A recent meta-analysis of the efficacy and safety of topical NSAIDs for osteoarthritis found that diclofenac patch systems were safe and effective.47 Furthermore, this international review noted that the most effective topical NSAID for relief of pain associated with osteoarthritis was the diclofenac patch. Serious gastrointestinal and renal adverse events were not associated with the topical diclofenac patch systems in the reviewed trials.47 As a reminder, one of the major advantages of topical patch systems is that they can minimize systemic exposure and therefore AEs including the risk of gastrointestinal side effects of NSAIDs. The diclofenac patch is not indicated for the pain secondary to osteoarthritis, and further studies could clarify its usefulness for treating this condition.
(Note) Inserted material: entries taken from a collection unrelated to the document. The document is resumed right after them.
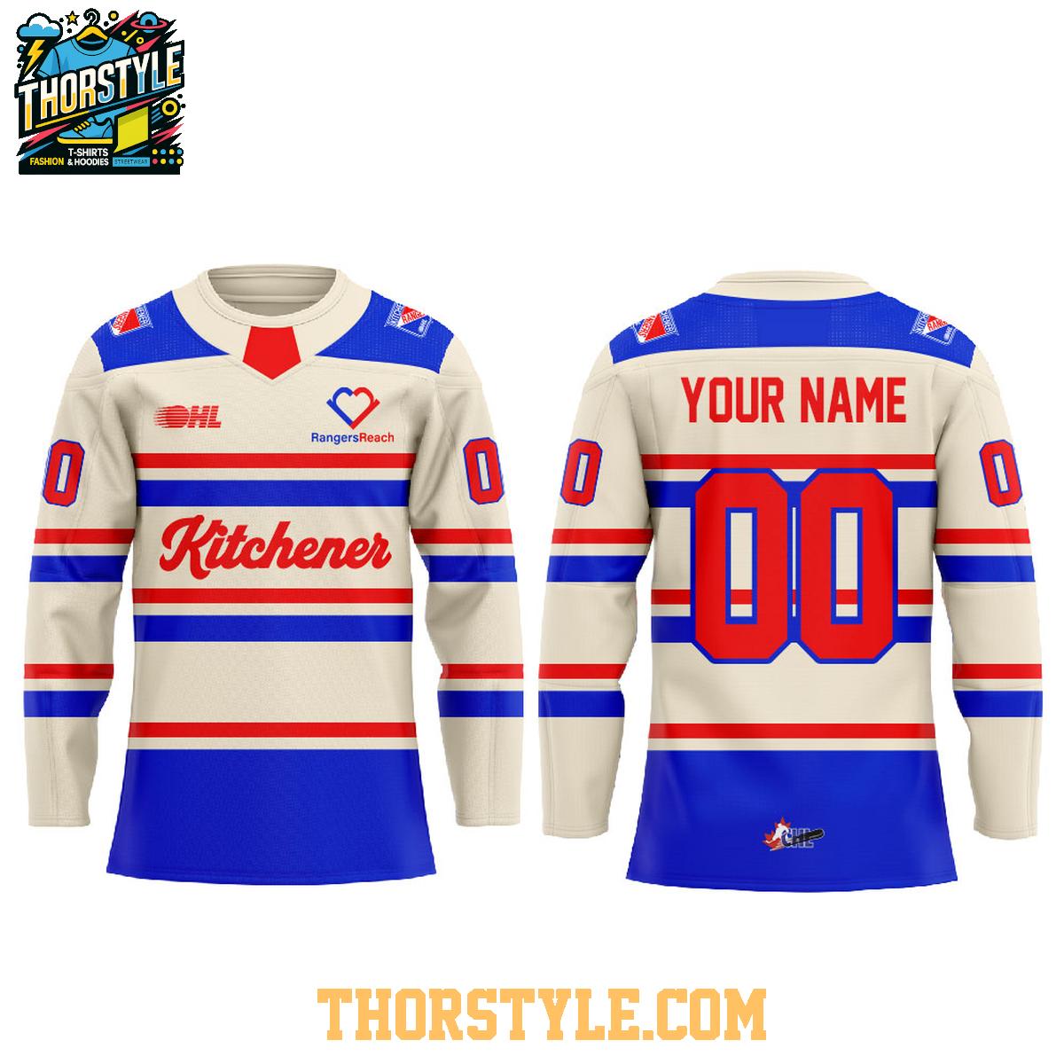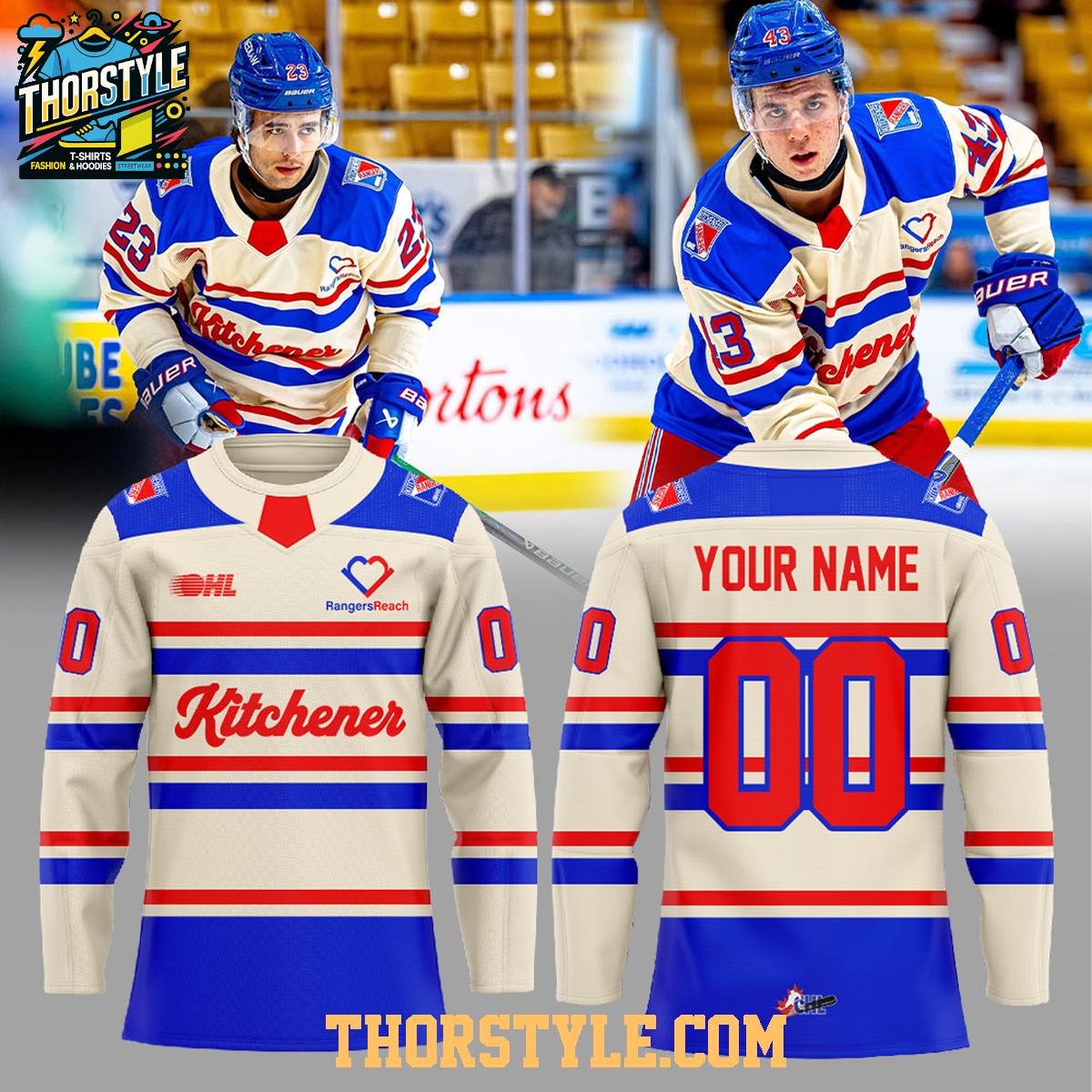Whether you're a die-hard Kitchener Rangers fan, a collector of unique sports memorabilia, or simply looking for a comfortable and stylish jersey to wear, this personalized piece is an excellent choice. Wear it to the game, to a casual get-together, or even while playing a friendly game of pond hockey. It’s a versatile garment that showcases your team spirit and love for the community. The vibrant colors and personalized details are sure to make a statement wherever you go.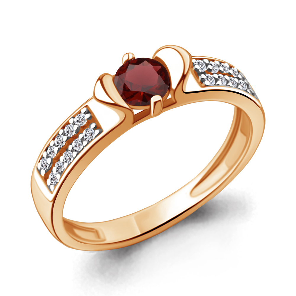6519503А Кольцо из Серебра с гранатом, фианитами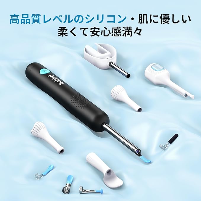 【充実の付属品で多様なニーズに応える】 乾性・湿性両方の耳垢に対応した豊富な耳かき先端に加え、耳・鼻・口の観察用アタッチメント、専用ピンセット、点薬サポートツールを同梱。あらゆる使用シーンとユーザーの多様な要求にお応えします。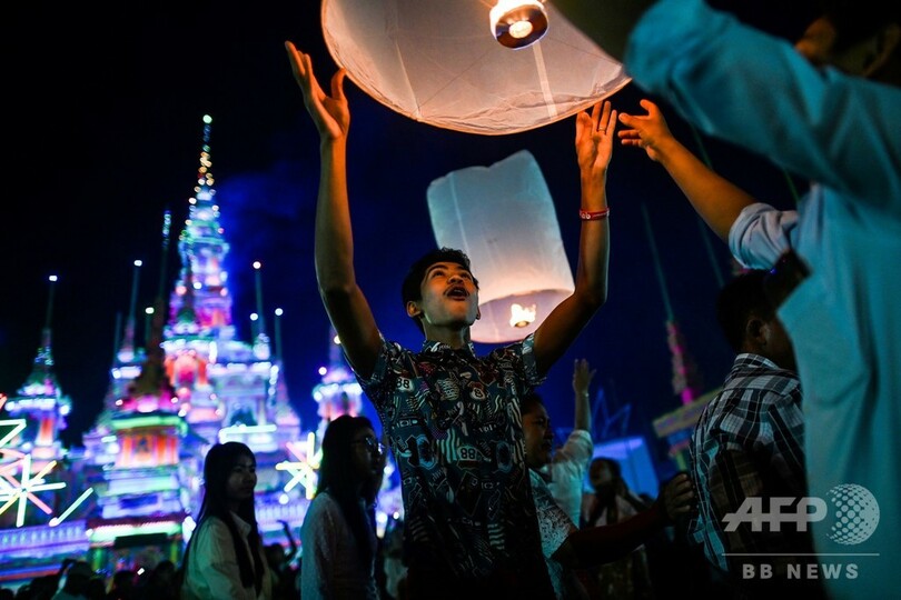 追悼式は先月31日、ひつぎが僧侶の寺院の火葬部屋に運ばれるところで、ひつぎに触れようとする人々が騒ぎ最高潮に達した。火葬からの煙が空に立ち上ると頭上で花火がさく裂し、巡礼者たちは数百個のきらめくランタンを空に放ち、夜遅くまで踊り続けた。(c)AFP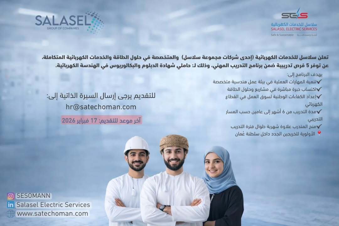 سلاسل للخدمات الكهربائية - توفر 5 فرص تدريبية ضمن برنامج التدريب المهني لحاملي شهادة الدبلوم والبكالوريوس في الهندسة الكهربائية + علاوة شهرية ( مدة التدريب 6 أشهر )
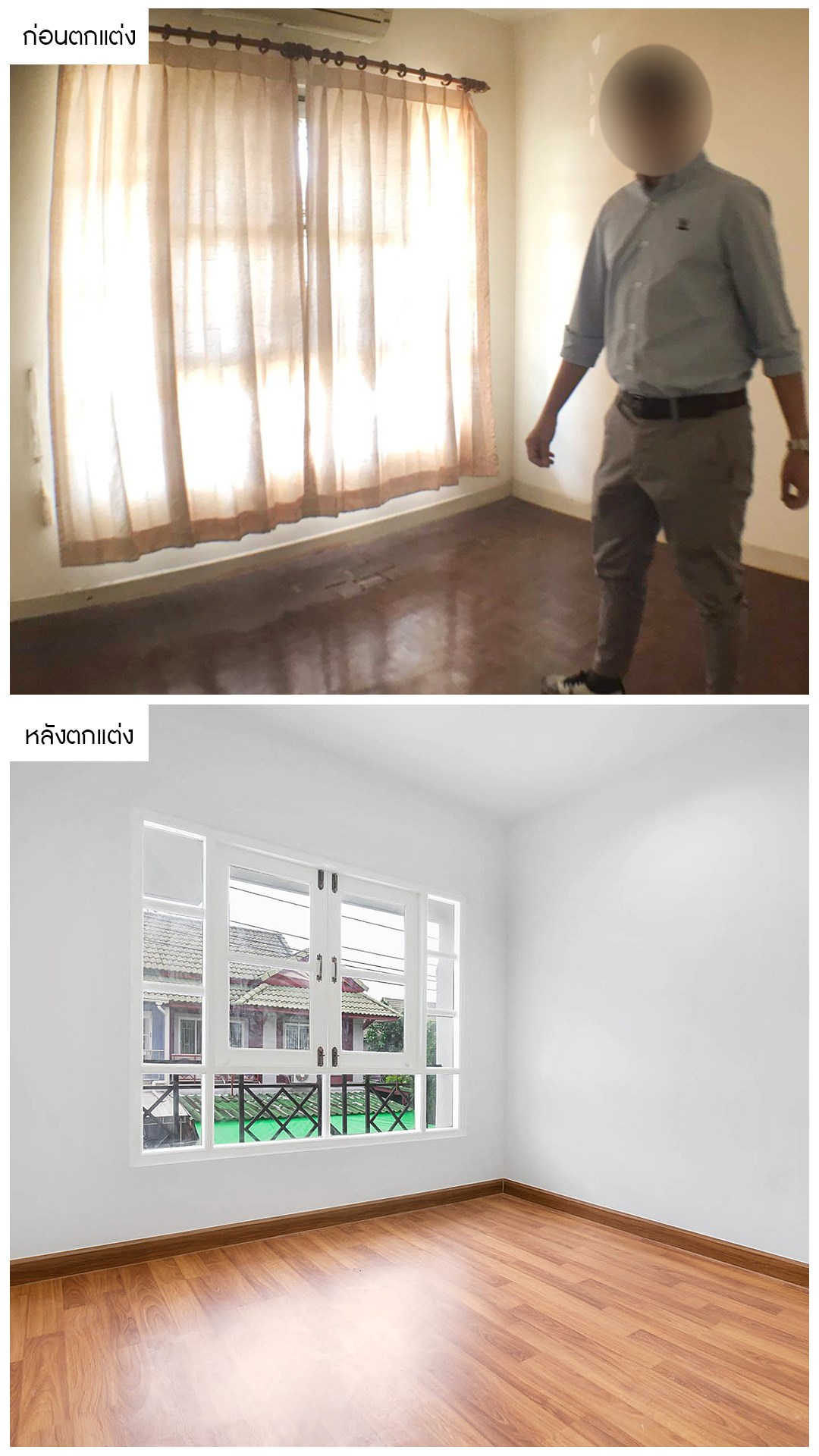 ห้องนอนได้รับการปรับปรุง โดยทาสีภายในใหม่ทั้งหมดเป็นโทนสีขาว พร้อมเปลี่ยนพื้นให้เป็นพื้นไม้ลามิเนตที่มีลวดลายสวยงาม และทนรอยขีดข่วน พร้อมไฟดาวน์ไลท์ที่ทำให้ห้องดูมีมิติ กลายเป็นห้องที่น่าพักผ่อนมากยิ่งขึ้น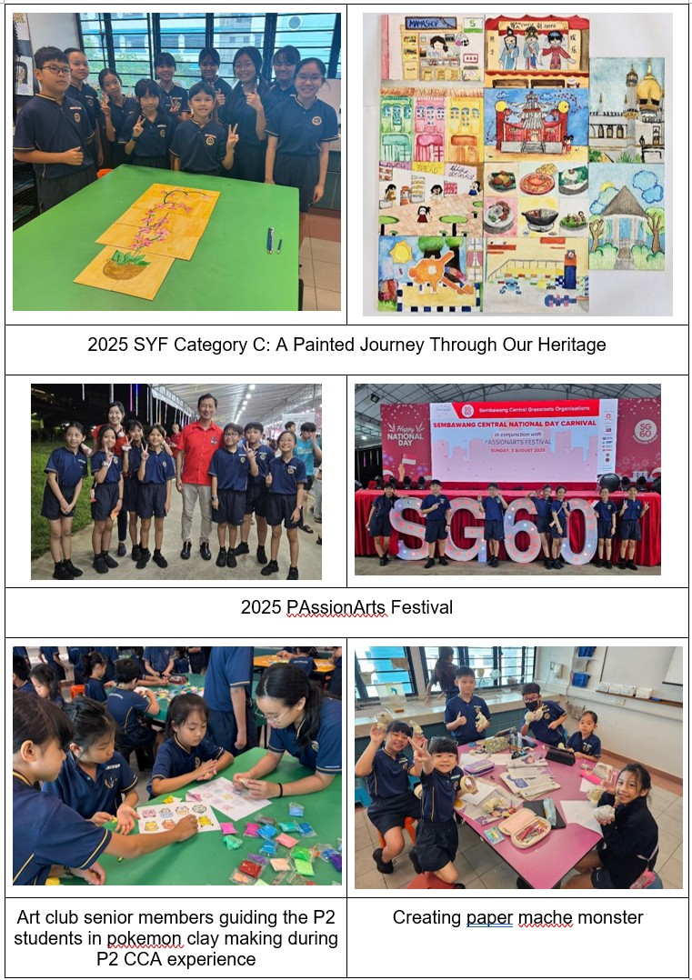 Students are encouraged to represent the school in various art competitions and events. This year, our students took part in Singapore Youth Festival (SYF) Visual Arts Competition (Primary) 2025, PAssionArts festival 2025 and external art competitions.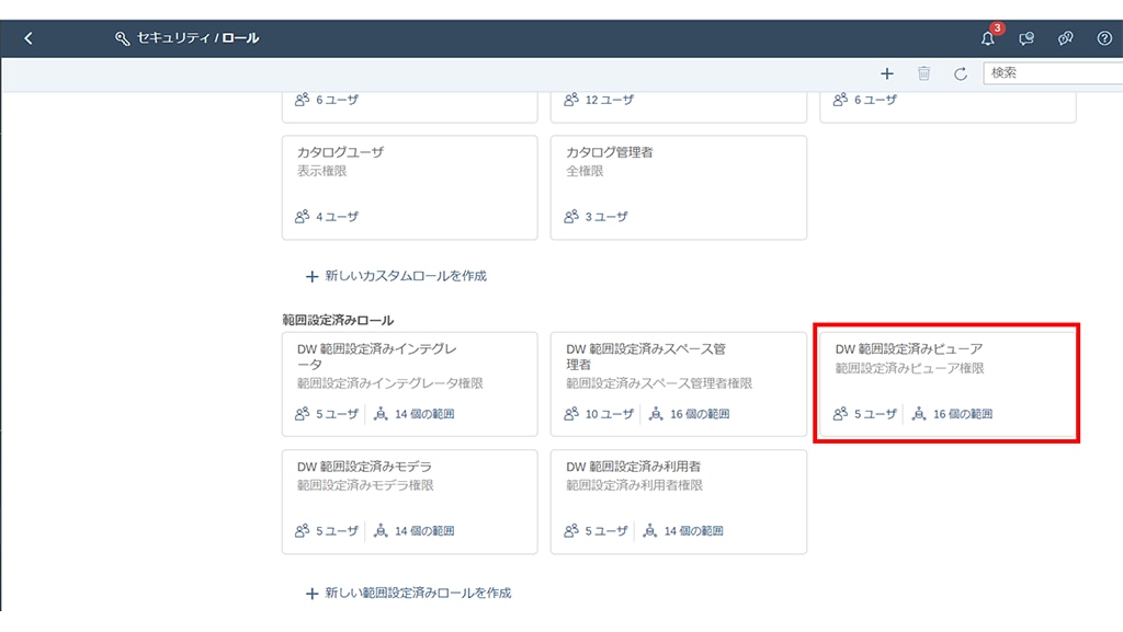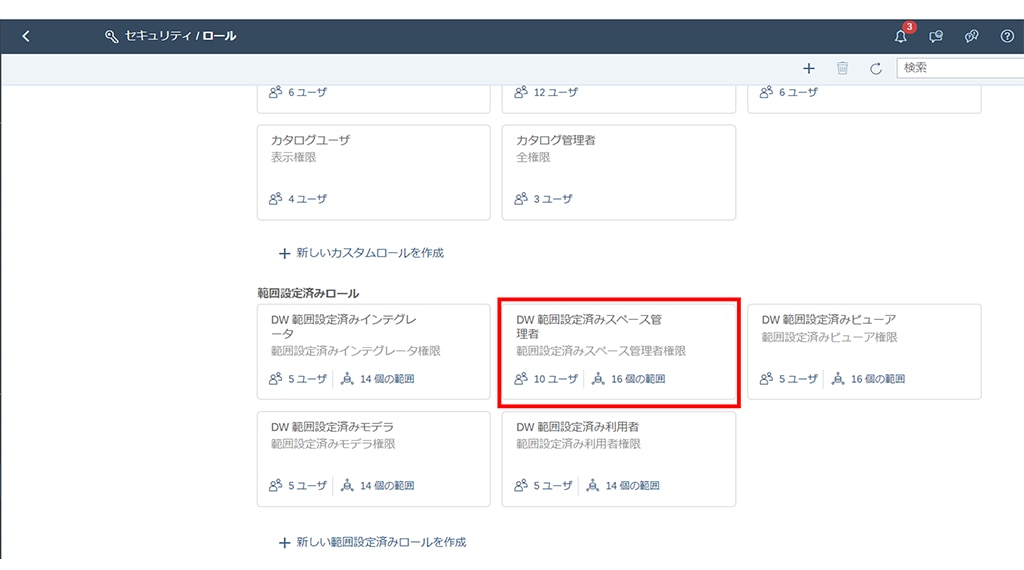 ①「セキュリティ/ロール」から「DW範囲設定済みスペース管理者」をクリック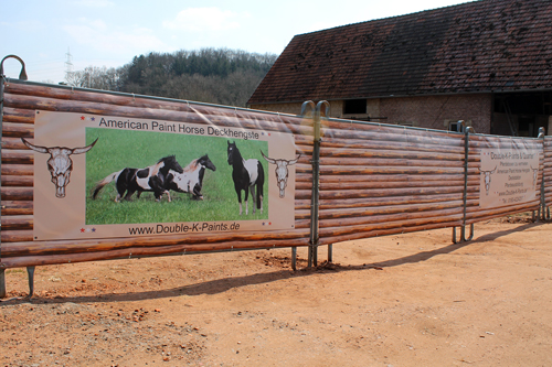 Panels werden somit als ideale Werbeträger genutzt, Pferde vor Wind und Wetter geschützt, Dahinterliegendes verborgen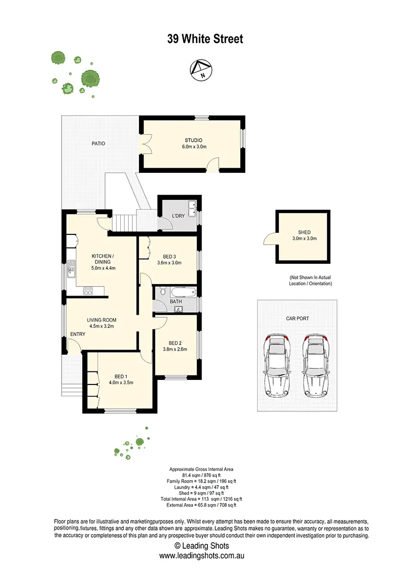 Comprising three good sized bedrooms, one modern bathroom, a well-appointed kitchen with open plan dining area and completed by the relaxing lounge room. A wonderful property with the added bonus of a detached studio that provides an extra space to work from home, accommodate teenagers or just a fantastic place to relax and entertain.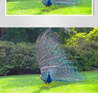 开屏孔雀于绿意盎然草地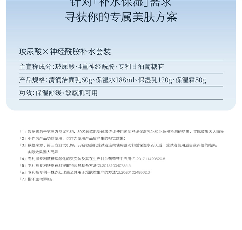 含洁面乳60g、爽肤水188ml、修护乳120g、保湿霜50g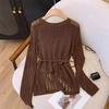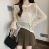 Hollow Out Knitted Women's Thin Cover Shirt Irregular Drawstring Medium Long Outer Sunscreen Top for Women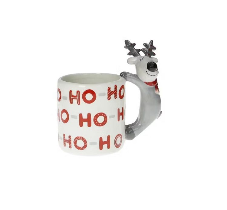 Alternatively, you can choose the mug with a different handle shape, featuring a cute gray reindeer.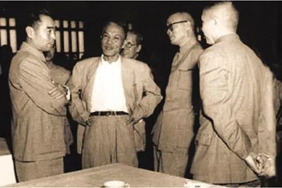 1955年6月,周恩来出席中国科学院四个学部的成立大会。会议休息时同周扬(右一)、范文澜(右二)、翦伯赞(右三)在一起交谈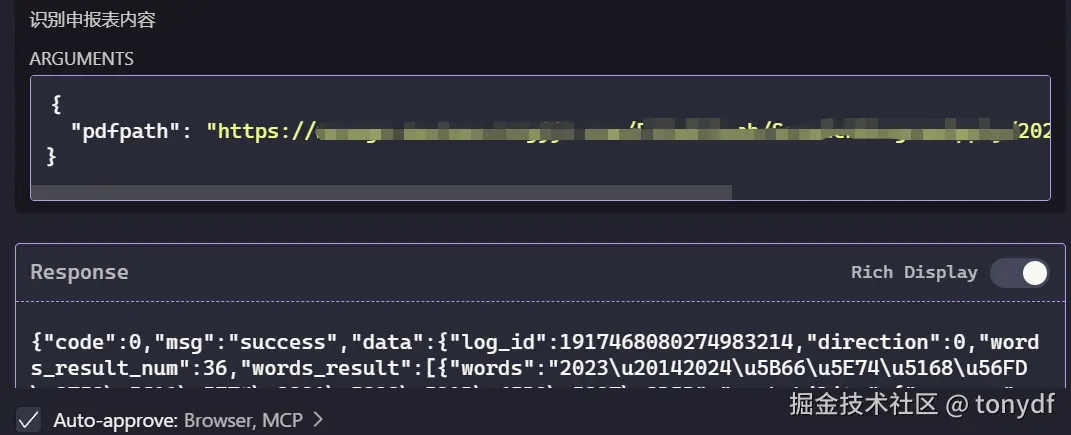 这里我们输入路径参数,看到MCP Server正确执行,Client上返回了期望的结果。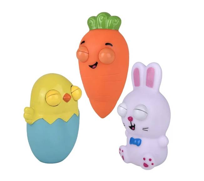 Squeeze tight and watch this Easter Figure w Popping Eyes’ eyes pop out! Choose from the Bunny, the Carrot, or the hatching Chick. Or, buy an assortment!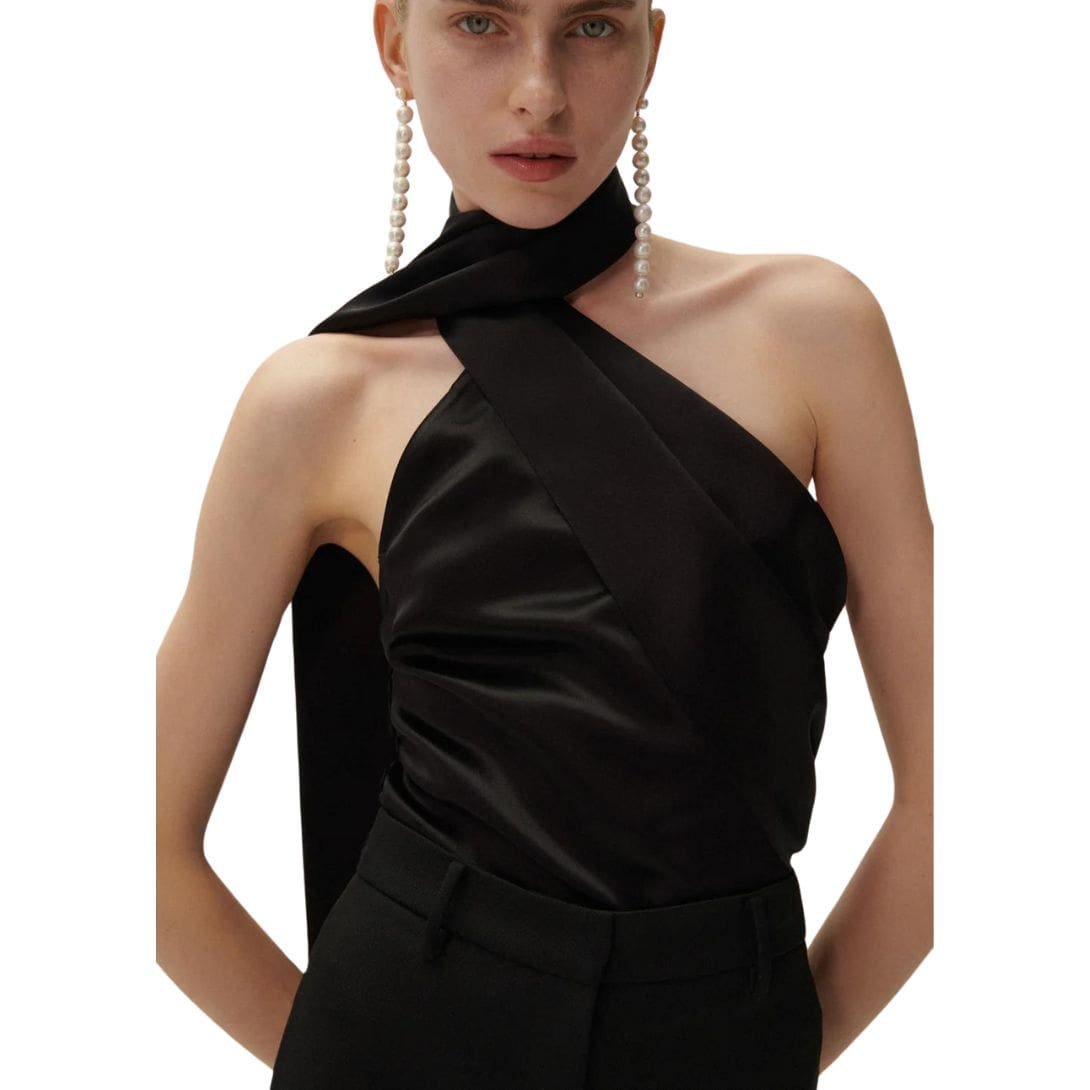 This season’s essential piece from Magda Butrym silk wrap neck top in black detail that evokes a glamorous scarf effect, complemented by a long sash for added drama. Crafted from jersey fabric, this tank top combines comfort with elevated style through its intricate wrap detailing along the body.

Over-the-Counter Analgesic Transdermal and Topical Formulations

Active ingredients in OTC analgesic patch systems include lidocaine, capsaicin, methyl salicylate and menthol. Similar to prescription agents, patch characteristics, design, adhesion and backing material will affect the performance and safety of OTC patch systems. The use of these OTC patch systems in pain management has recently been reviewed.13 Many OTC patch systems lack PK or efficacy data and are not indicated for pain syndromes like neuropathic pain.13,27 OTC preparations usually have not been subject to the same rigorous clinical trials that are required for approved prescription products.13,27 In fact, FDA revisited the underlying regulations that allow external analgesics to be commercialized without an NDA approval in 2003, and formally designated topical patches, plasters, and poultices as Category III (safety and efficacy unknown). FDA stated that in order for these dosage forms to be generally recognized as safe and effective, further data would be required including: concentration of the drug ingredient(s); extent of percutaneous absorption under occlusion; the length of contact time that it is safe to leave the product on the skin; how often the plaster or poultice needs to be changed for optimal use; the frequency of application that is considered safe and effective; whether or not directions and a warning are necessary regarding checking the area at specified intervals for erythema to prevent blistering; the age groups for whom poultices and plasters are recommended for safe use; and the adequacy of labeling of currently marketed analgesic OTC patch products.48,49 FDA has raised issues over certain OTC analgesic patch systems that are on the market without approved market applications (ie, NDA or ANDA), as unapproved products with unsubstantiated therapeutic claims can put patients and consumers at risk.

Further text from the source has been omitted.